PROBLEM DESCRIPTION:
Whatever precedes the line containing "material : Stainless" is not copied; that line and every line after it through the final one below are copied exactly, except pictures.

RECORDS FOR THE EXERCISE:

═══

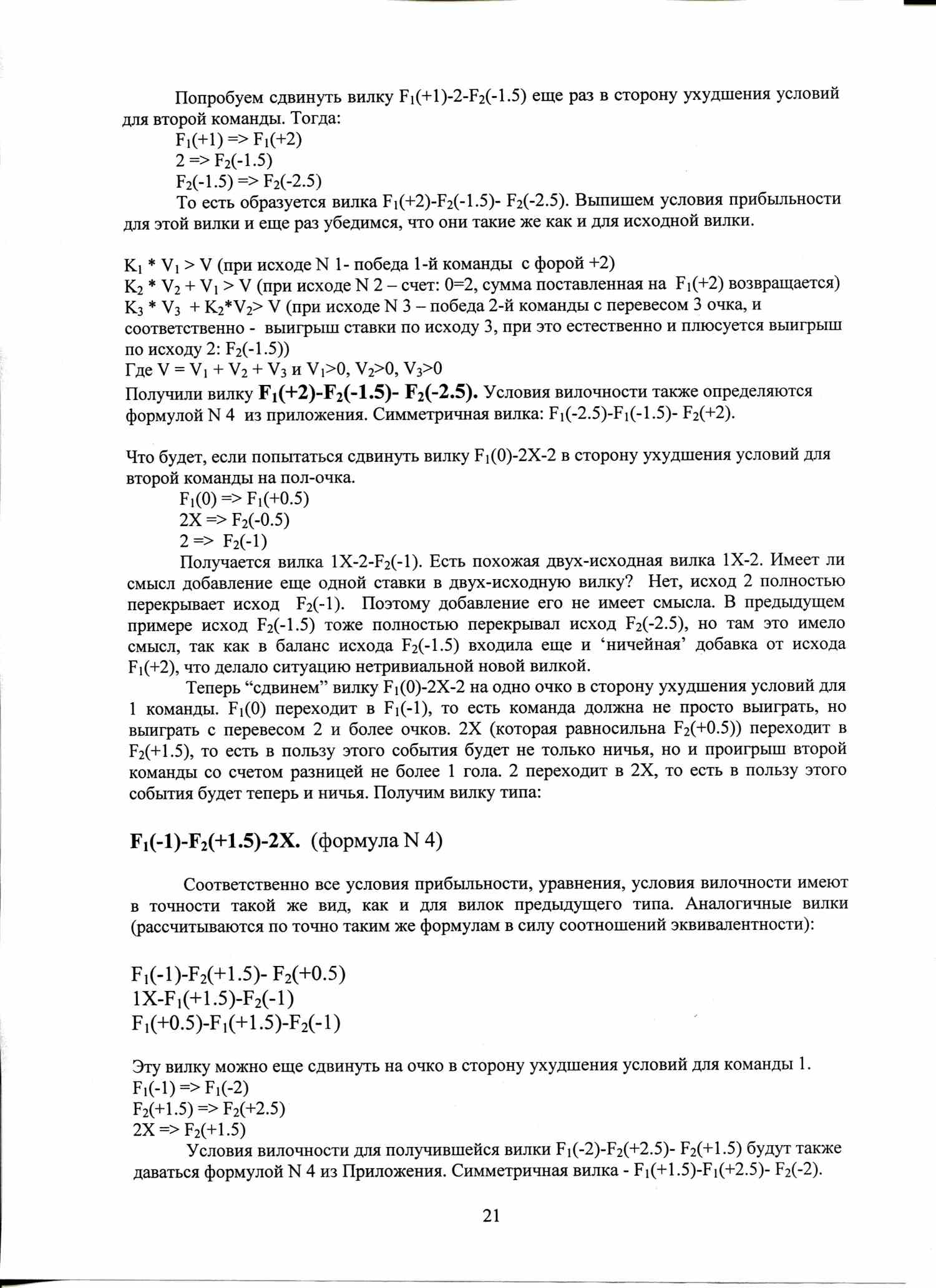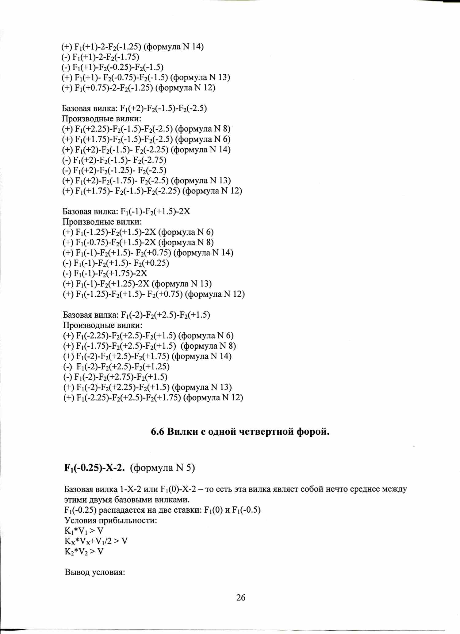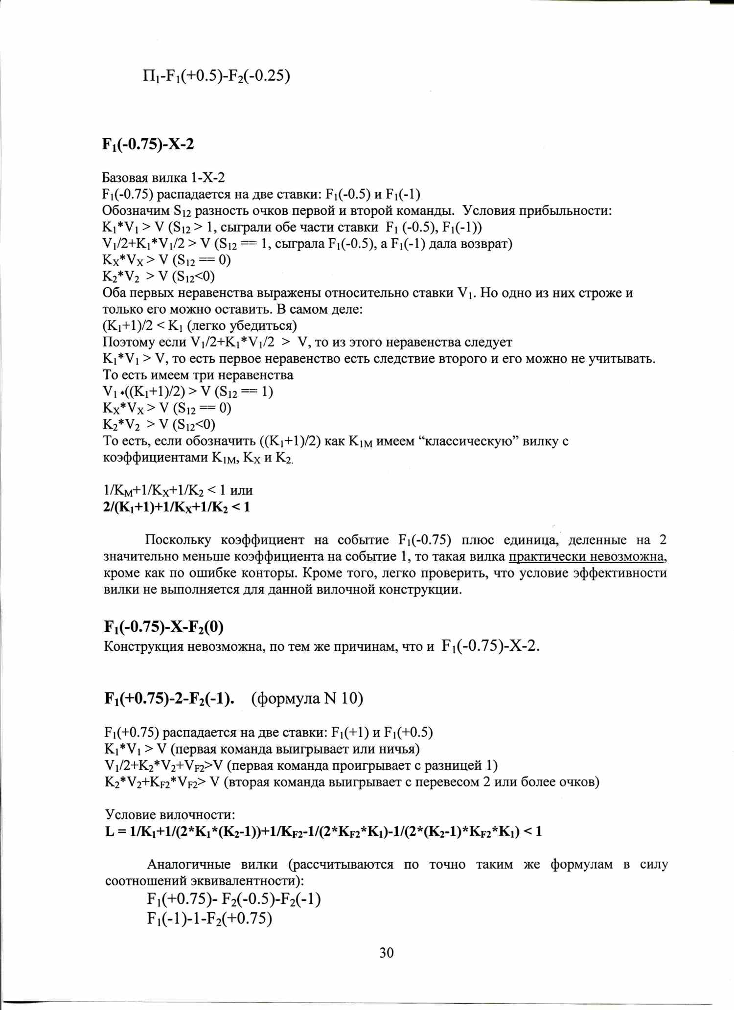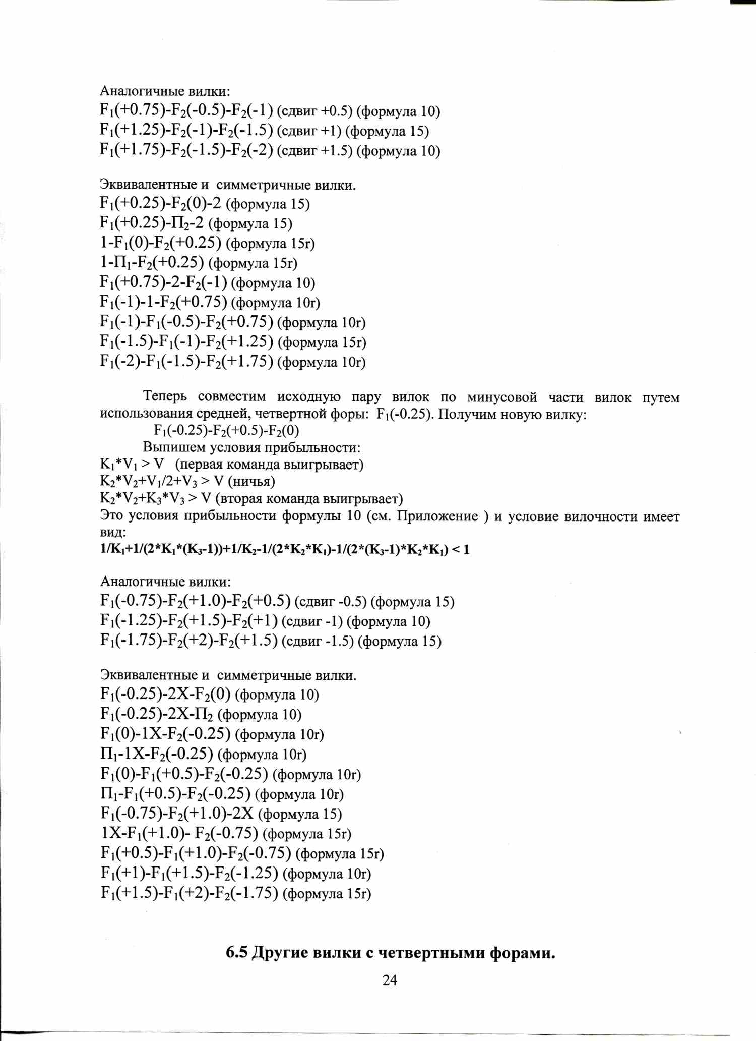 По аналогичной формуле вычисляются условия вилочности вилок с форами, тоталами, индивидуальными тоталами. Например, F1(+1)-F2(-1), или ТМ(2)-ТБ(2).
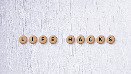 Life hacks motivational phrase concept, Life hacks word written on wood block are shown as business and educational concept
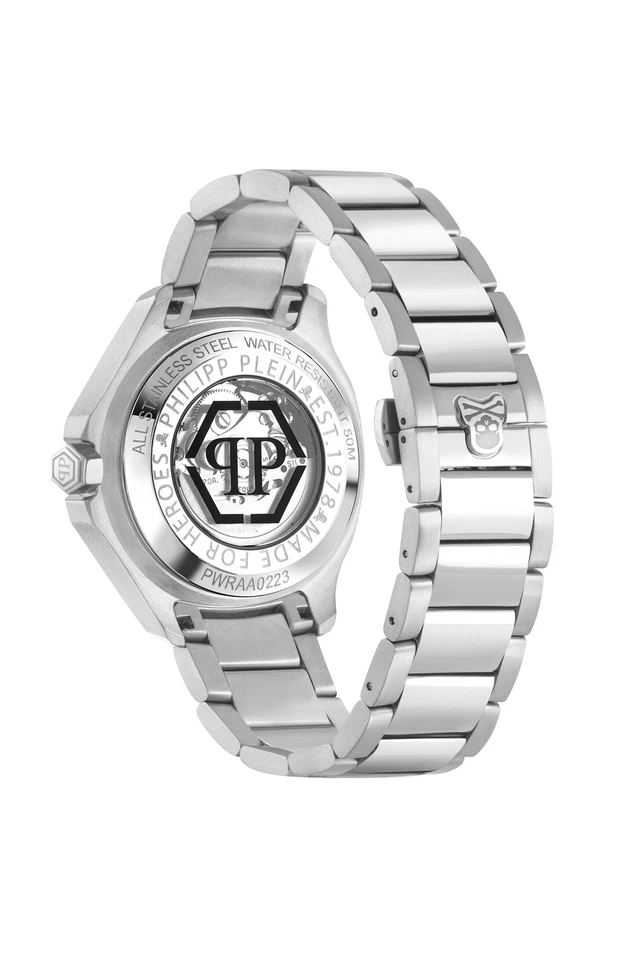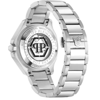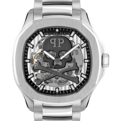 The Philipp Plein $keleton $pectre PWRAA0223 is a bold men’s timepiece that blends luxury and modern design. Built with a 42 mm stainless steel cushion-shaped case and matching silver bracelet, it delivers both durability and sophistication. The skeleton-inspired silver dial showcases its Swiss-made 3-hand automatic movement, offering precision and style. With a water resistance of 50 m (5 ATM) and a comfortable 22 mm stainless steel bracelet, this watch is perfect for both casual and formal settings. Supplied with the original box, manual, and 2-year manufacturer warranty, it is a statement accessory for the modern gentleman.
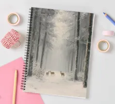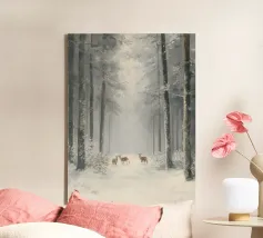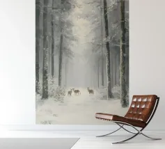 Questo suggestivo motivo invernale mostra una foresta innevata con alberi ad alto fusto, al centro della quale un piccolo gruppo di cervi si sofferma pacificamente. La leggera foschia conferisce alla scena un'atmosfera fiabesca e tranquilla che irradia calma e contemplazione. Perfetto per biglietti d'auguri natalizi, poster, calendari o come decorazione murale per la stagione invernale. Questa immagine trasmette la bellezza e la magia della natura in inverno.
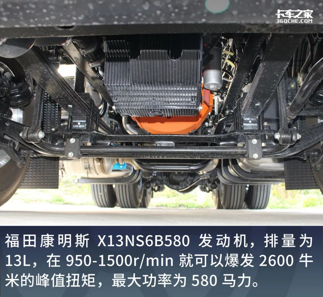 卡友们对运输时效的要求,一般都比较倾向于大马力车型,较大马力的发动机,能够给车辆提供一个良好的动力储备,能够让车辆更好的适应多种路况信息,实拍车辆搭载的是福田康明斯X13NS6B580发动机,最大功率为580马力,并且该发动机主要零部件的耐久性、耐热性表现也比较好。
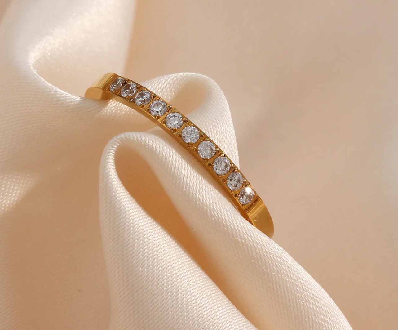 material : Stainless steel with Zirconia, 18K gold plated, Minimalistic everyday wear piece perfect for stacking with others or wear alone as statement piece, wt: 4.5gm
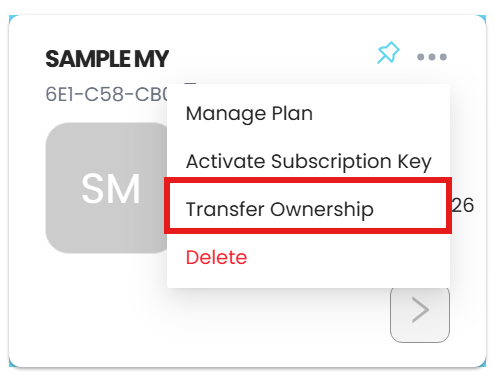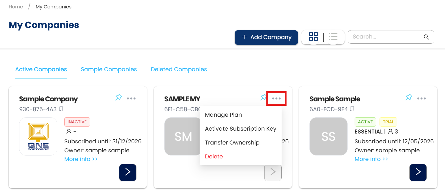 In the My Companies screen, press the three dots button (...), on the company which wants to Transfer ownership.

═══

RESPONSE FOR THIS EXERCISE:
 material : Stainless steel with Zirconia, 18K gold plated, Minimalistic everyday wear piece perfect for stacking with others or wear alone as statement piece, wt: 4.5gm
 In the My Companies screen, press the three dots button (...), on the company which wants to Transfer ownership.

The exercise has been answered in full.